To create a micromamba environment use:

micromamba create -f environment.yaml
micromamba activate gwas

Prepare data

DVC is used for data management: it downloads annotations and can also be used to run some useful scripts. DVC is included to the gwas conda environment described in environment.yaml file

In dvc.yaml there are tasks required to setup the project. For instance, to download reference genome, type:

dvc repro prepare_genome

Of course, you can try to download all the data with:

dvc repro

However, it may take quite a while as ensembl_vep_cache (which is required for VEP annotations) is >14GB. And it may happen that OpenCravat will be enough for you needs.

Running services

To run Cromwell server, together with cromwell-client and mysql - run services with Docker-Compose If you do not have Docker installed, you can either install it yourself or use ubuntu_Script in the bin folder. To run the pipelines I recommend trying cromwell-client (deployed at port 8001 by default) It can be run by:

docker compose up

In the docker-compose configuration the following configuration is assumed:

./data/databases/mysql folder for cromwell mysql

./data/cromwell-executions for cromwell execution cache

./data/cromwell-workflow-logs for cromwell execution logs

If you have another folder layout you have to change docker-compose.yml and config/cromwell/application.conf

Structure of the pipeline

The pipeline is in dna-seq-pipeline folder. It also actively uses wdl tasks and subpipelines from https://github.com/antonkulaga/bioworkflows There dna_seq_pipeline.wdl is the main workflow, all others should be provided as dependencies. The pipeline uses Deepvariant, Strelka2 and Smoove for variant calling and VEP for variant annotations. It is also possible to run dependencies as separate workflows.

Example JSONs

Example json inputs are provided with the parameters that I used to process my own genome. In the examples I had the following structure. This structure is the same as in ./data subfolder of this repo, feel free to modify it according to locations of your files:

/data/gwas/anton - person's folder with:
/data/gwas/anton/fastq - INPUT folder
REFERENCE genome (downloaded from latest Ensembl release):
- /data/ensembl/103/species/homo_sapiens/Homo_sapiens.GRCh38.dna.primary_assembly.fa
- /data/ensembl/103/species/homo_sapiens/Homo_sapiens.GRCh38.dna.primary_assembly.fa.fai
OUTPUT folders created by the pipeline (no need to create them yourself, when you run the pipeline it will create folders for the output)!:
- /data/gwas/anton/aligned - output of aligned data
- /data/gwas/anton/variants - output for variants
- /data/gwas/anton/vep - vep annotations
ANNOTATION reference files (used only by vep_annotations.wdl):
- /data/gwas/references/annotations - reference files for genetic variant annotations
- /data/ensembl/103/plugins - git cloned+renamed https://github.com/Ensembl/VEP_plugins (note 102 - is Ensembl release number)
- /data/ensembl/103/cache - folder to download Ensembl cache ( https://m.ensembl.org/info/docs/tools/vep/script/vep_cache.html )

Genomes to play with

I tested the pipeline on my personal genome sequenced by Dante. If you do not have your own genome in disposal, you can try any of the public ones, for example you can download WGS fastq files from https://www.personalgenomes.org.uk/data/ For quick test of all tools consider having small test fastq-s (example of such test is in test.json) If you have a bam file with input we provide bam_to_fastq pipeline to extract fastq-s from it.

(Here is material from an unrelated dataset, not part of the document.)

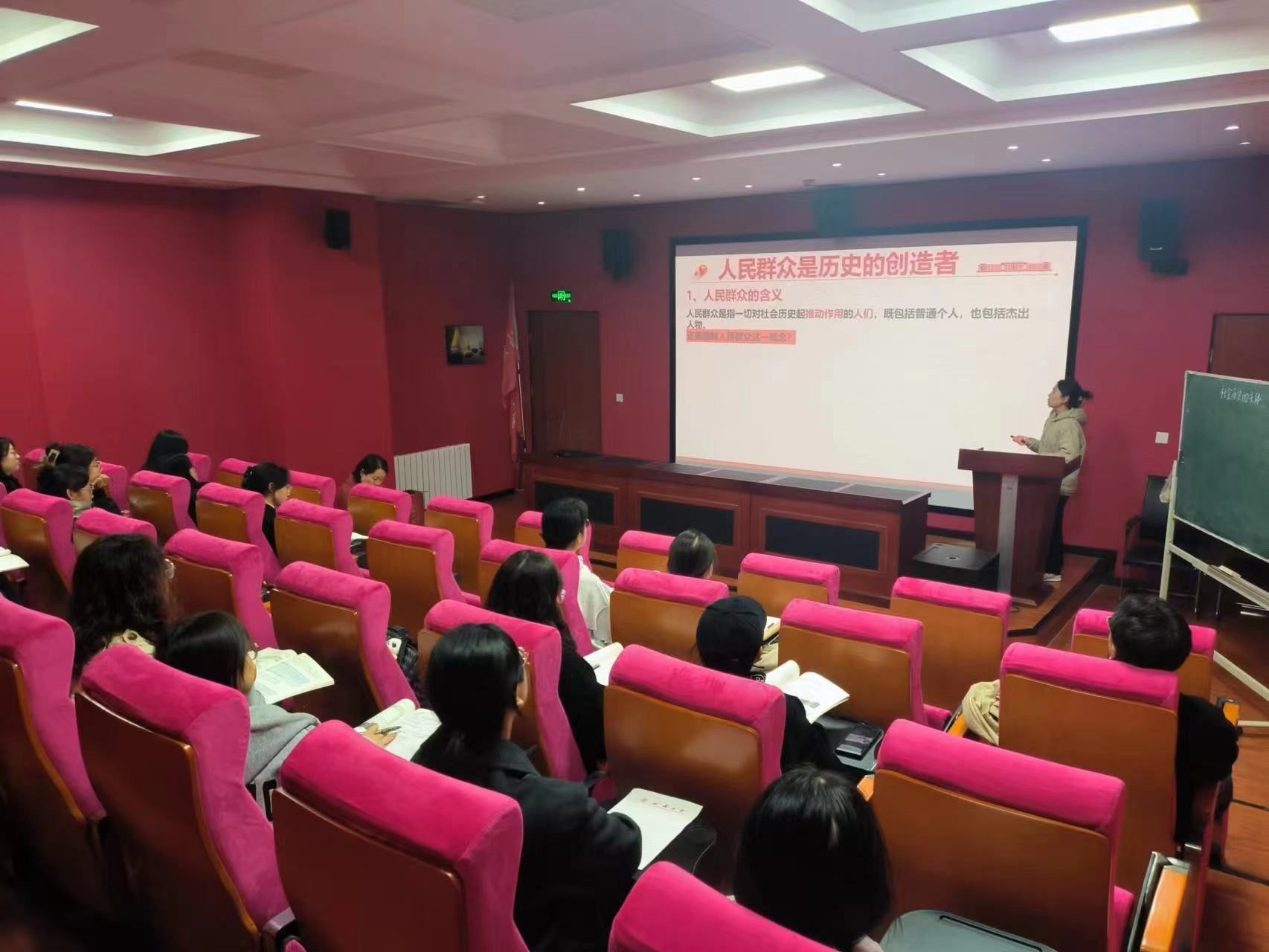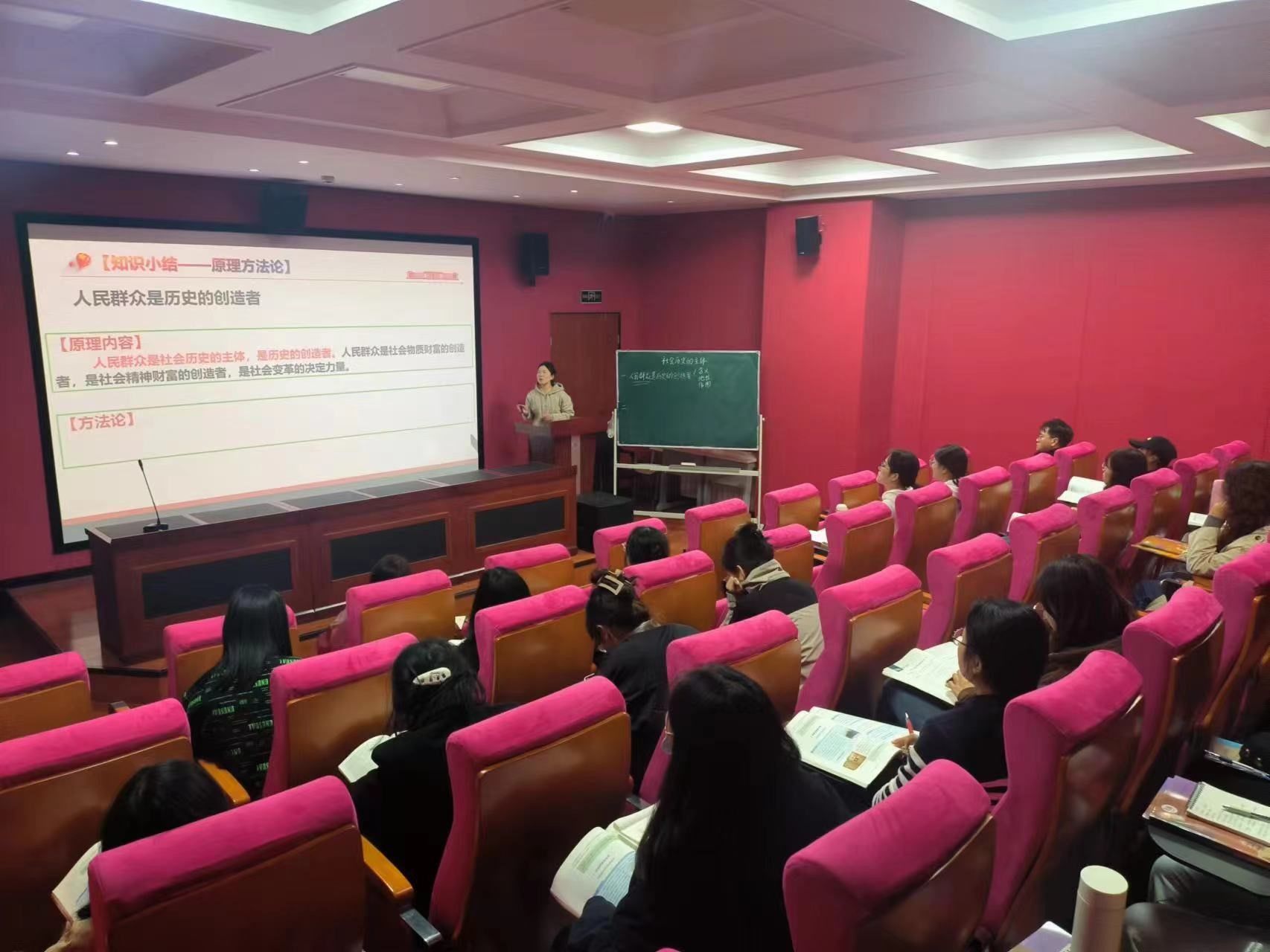 白雪同学试讲的是高中政治必修四的《社会历史的主体》。本框内容体现以人为本、关注民生的哲学基石。依据新课标,结合教材内容结构和员工认知结构,利用多媒体展示史实,设置相应问题让员工思考、讨论、探索,引导员工正确认识人民群众的含义、地位、作用,熟练掌握群众路线与群众观点的内容、地位、意义、时代要求。试讲结束后,在教师评价环节,亢鸽老师就案例素材的优化等问题进行分析,并指出不足之处,还提出在今后教学中应努力将思政课上成“有温度的课”。

Different options of running the pipelines

There are three major ways of running any of the pipelines in the repository:

with CromwellClient and Cromwell in server mode (recommended). Note: when using pipelines with multiple wdl files, do not forget to upload subworkflow files as dependencies.
directly from Swagger API with Cromwell in a server mode: similar to running with CromwellClient but instead of the Client swagger server API is used.
with Cromwell or any other WDL-compartible tool in the console. Documented at Official cromwell documentation

Genome annotations

There are two alternative annotation tools: VEP and OpenCravat. VEP is more established and oldfasioned, opencravat is newer and more user-friendly I recommend to start from opencravat.

Opencravat annotations

Opencravat is included to the environment. Before starting, it is recommended to install annotation modules of your interested. There is a dvc stage for the default modules:

dvc repro install_opencravat

VEP annotations

The most important part of the pipeline is VEP annotations. To make it work you must download Ensembl cache and Ensembl plugins. Right now VEP annotations require additional files, for this reason they are provided as separate pipeline. Curently DVC resolves most of the files and does additional preprocessing with:

dvc repro prepare

TODOs

This repository is a work in progress, so I list todos:

mitochondrial variant calling
longevity annotations
docs on how to configure VEP
docs on opencravat
eye and skin color annotations (stuff like http://mathgene.usc.es/snipper/eyeclassifier.html )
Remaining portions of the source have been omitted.